Hi! Any help will be greatly appreciated!!
So I'm following this tutorial: https://docs.databricks.com/applications/mlflow/projects.html.
I decided to use a folder in DBFS that contains my MLflow Project details. And so, in my project I have:
MLproject:
conda_env: /dbfs/FileStore/shared_uploads/mcai2@optumcloud.com/wineTest/conda.yaml
entry_points:
main:
parameters:
n_estimators: {type: int, default: 0.5}
command: "python3 /dbfs/FileStore/shared_uploads/mcai2@optumcloud.com/wineTest/train.py {n_estimators}"
conda.yaml
name: mlflow-env
channels:
- conda-forge
dependencies:
- python=3.8.10
- pip
- pip:
- mlflow
- pandas==1.2.4
- psutil==5.8.0
- scikit-learn==0.24.1
- typing-extensions==3.7.4.3
- xgboost==1.5.2
train.py (which is code taken from this notebook: https://docs.databricks.com/_static/notebooks/mlflow/mlflow-end-to-end-example.html
[I basically copied the cells into a .py file.
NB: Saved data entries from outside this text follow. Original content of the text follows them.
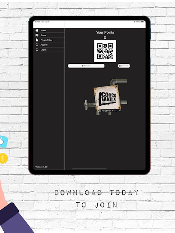 Using the app by scanning the QR code in conjunction with the Tevalis Point of Sale system at Coffee Worx venues will allow you to earn and redeem loyalty rewards based on your purchases.
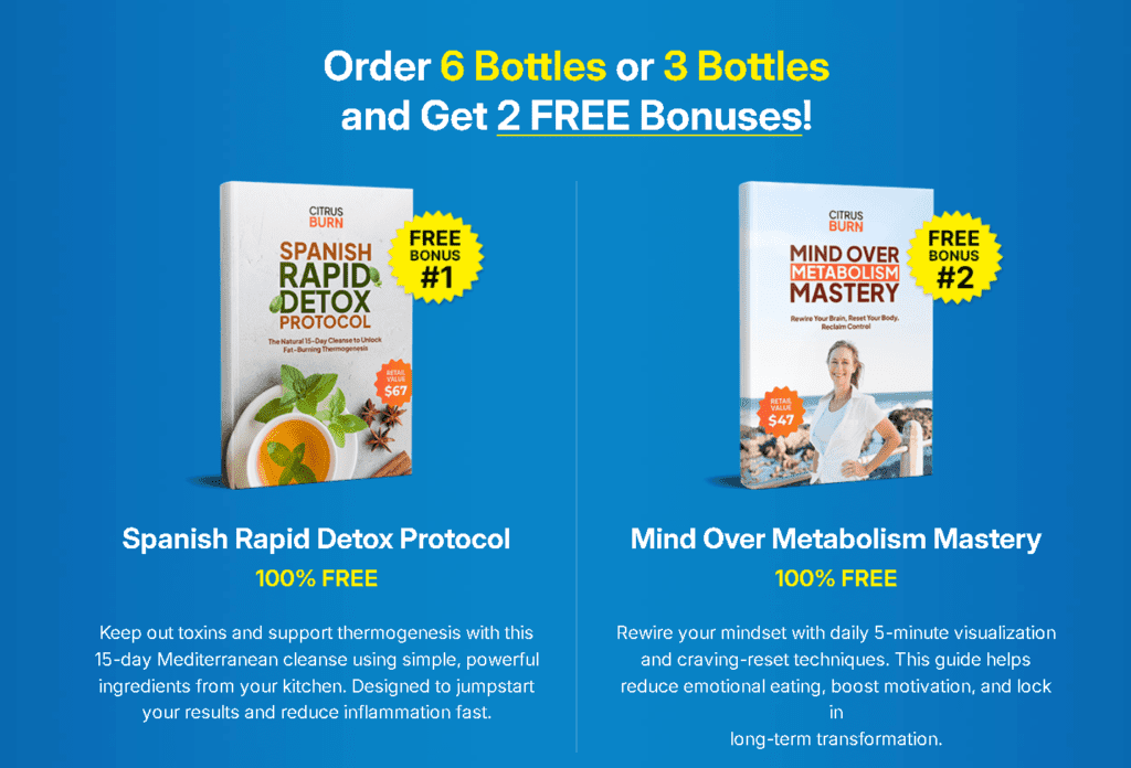 When you commit to the 3-bottle or 6-bottle packages, CitrusBurn includes two high-value digital bonuses designed to accelerate your transformation:
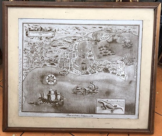 CUADROS, LITOGRAFIA, MEDIANO, EN SEPHIA, MOTIVO MAPA DE CARTAGENA DE INDIAS , ELABORADO EN PAPEL MADERA Y VIDRIO, DIMENSIONES: X X , PESO: GRS
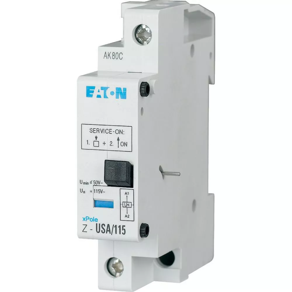 Unterspannungsfreigabe schraubbar, Bemessungsbetriebsspannung 115 V AC, unverzögerte Funktion, Frequenz 50 bis 60 Hz, Schließschwelle 80 % von Un, Auslöseschwelle 30 % von Un, Standardfrontabmessung 45 mm, Montagebreite 1 MU (17,5 mm), DIN-Schienenmontage, Klemmenquerschnitt 1 bis 2 x 2,5 mm²

Sorry, the code is too long to include here.])
Then for my cluster specification, I have this code:
{
"new_cluster": {
"spark_version": "9.1.x-cpu-ml-scala2.12",
"num_workers": 2,
"node_type_id": "Standard_DS3_v2"
},
"libraries": [
{
"pypi": {
"package": "/dbfs/FileStore/shared_uploads/mcai2@optumcloud.com/requests-2.28.1-py3-none-any.whl"
}
},
.... (47 other packages of same format)
And so I get to step 3 in the tutorial, and I end up getting this:
and when I go to the experiment I made in step 1, there is nothing like what is outlined in step 4.
I'm sure my mistake is somewhere in my folder containing the parts to the project, but I'm not sure what I'm doing wrong. I'm a newcomer to databricks and to writing code like this. Any help would be so greatly appreciated. Thank you so much for your time and help!